WHAT IS REQUIRED:
The needed output is the run of lines below from the one containing "А как ты думаешь, о" through the one containing "2007年製 ウールキルティングネックレスデザインロゴプレート半袖ニットトップス グレー", copied exactly and free of pictures.

SUPPLIED DATA:
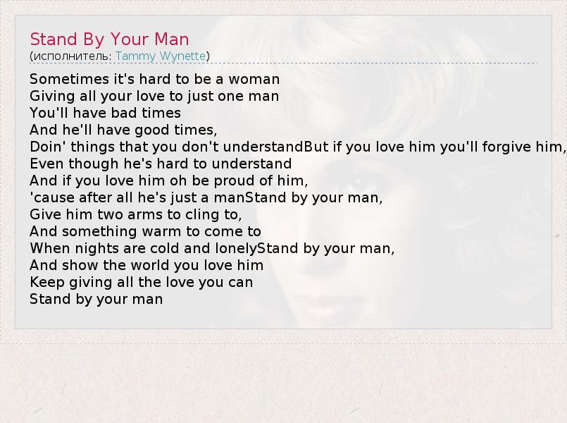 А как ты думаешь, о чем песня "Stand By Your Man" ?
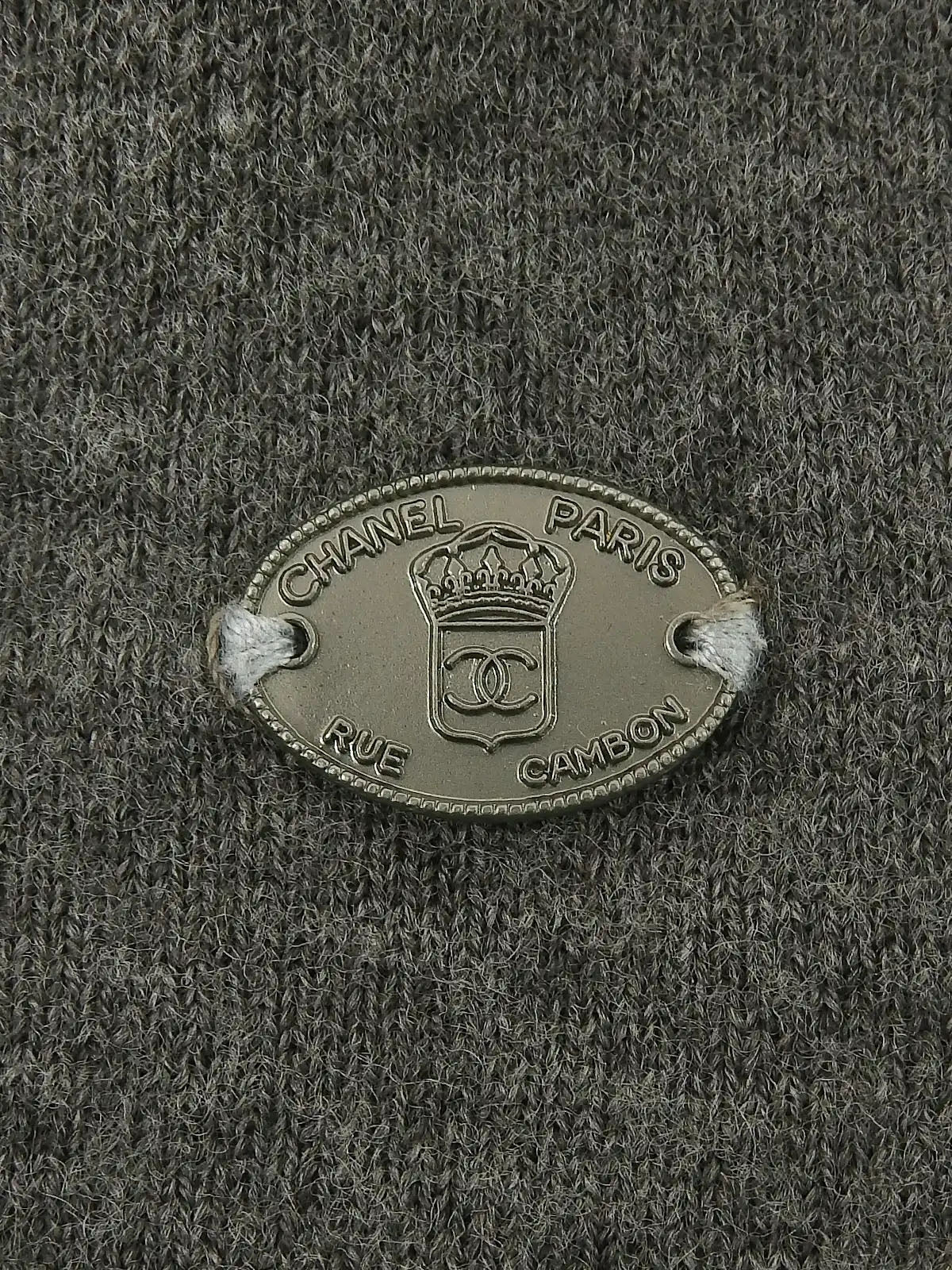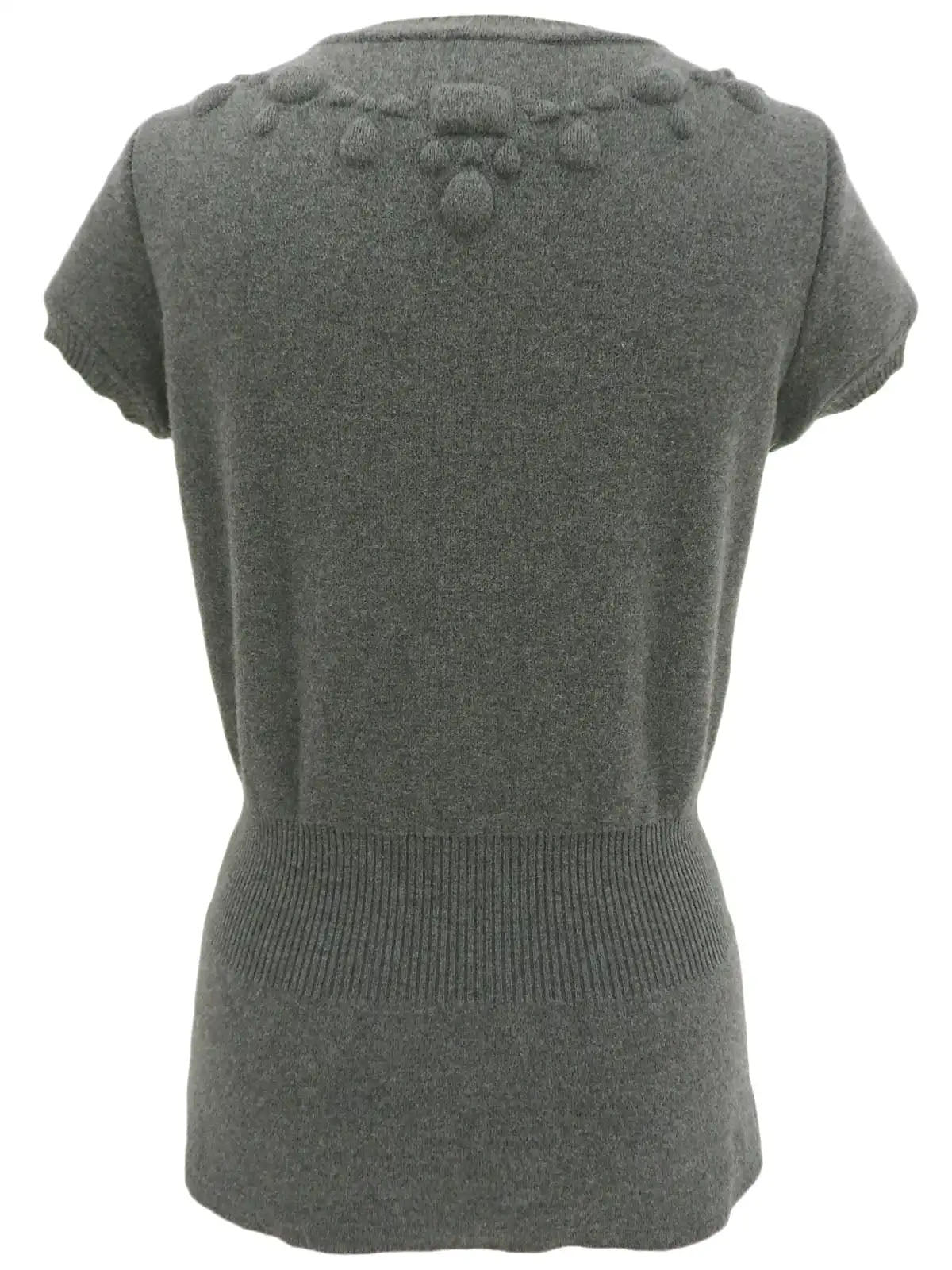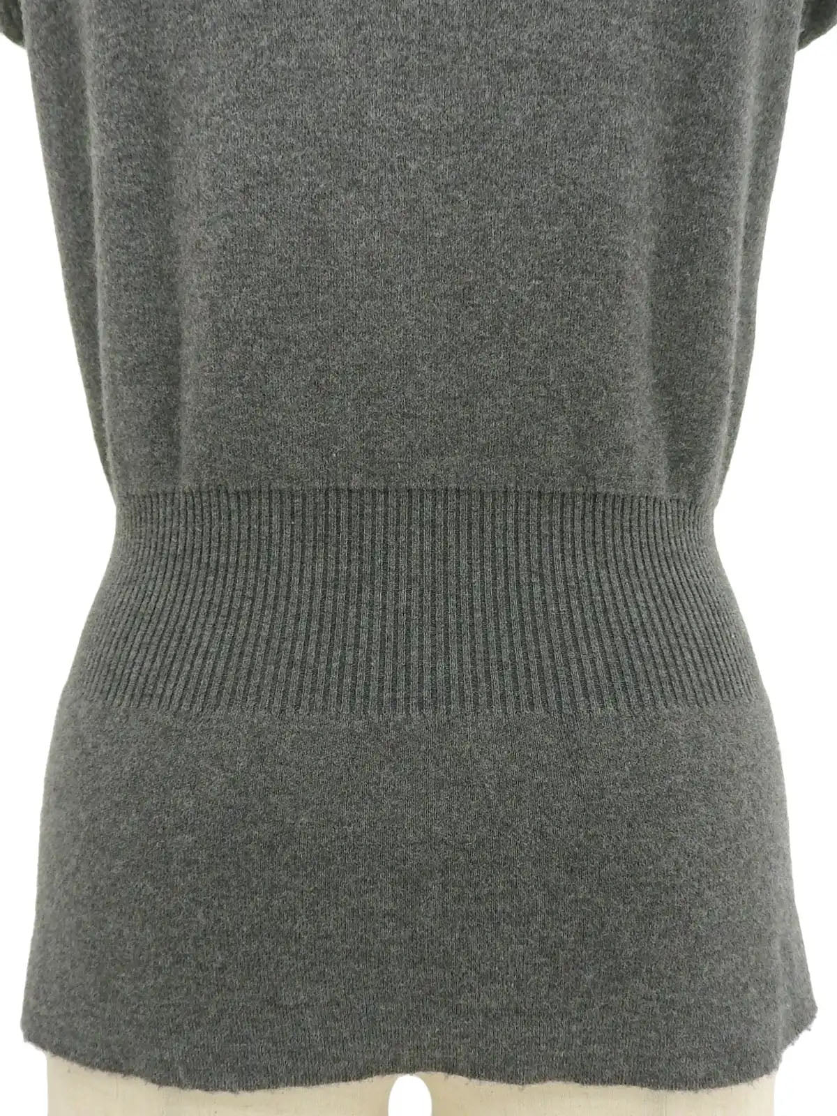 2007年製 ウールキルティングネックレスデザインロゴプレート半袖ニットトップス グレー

---

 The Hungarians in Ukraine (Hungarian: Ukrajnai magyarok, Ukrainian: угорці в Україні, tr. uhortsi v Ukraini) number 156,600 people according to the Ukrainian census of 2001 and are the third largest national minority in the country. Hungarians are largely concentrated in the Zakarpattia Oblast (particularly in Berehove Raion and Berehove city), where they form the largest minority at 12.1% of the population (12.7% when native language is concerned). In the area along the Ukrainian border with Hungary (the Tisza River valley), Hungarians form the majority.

SOLUTION FOR THIS TASK:
 А как ты думаешь, о чем песня "Stand By Your Man" ?
 2007年製 ウールキルティングネックレスデザインロゴプレート半袖ニットトップス グレー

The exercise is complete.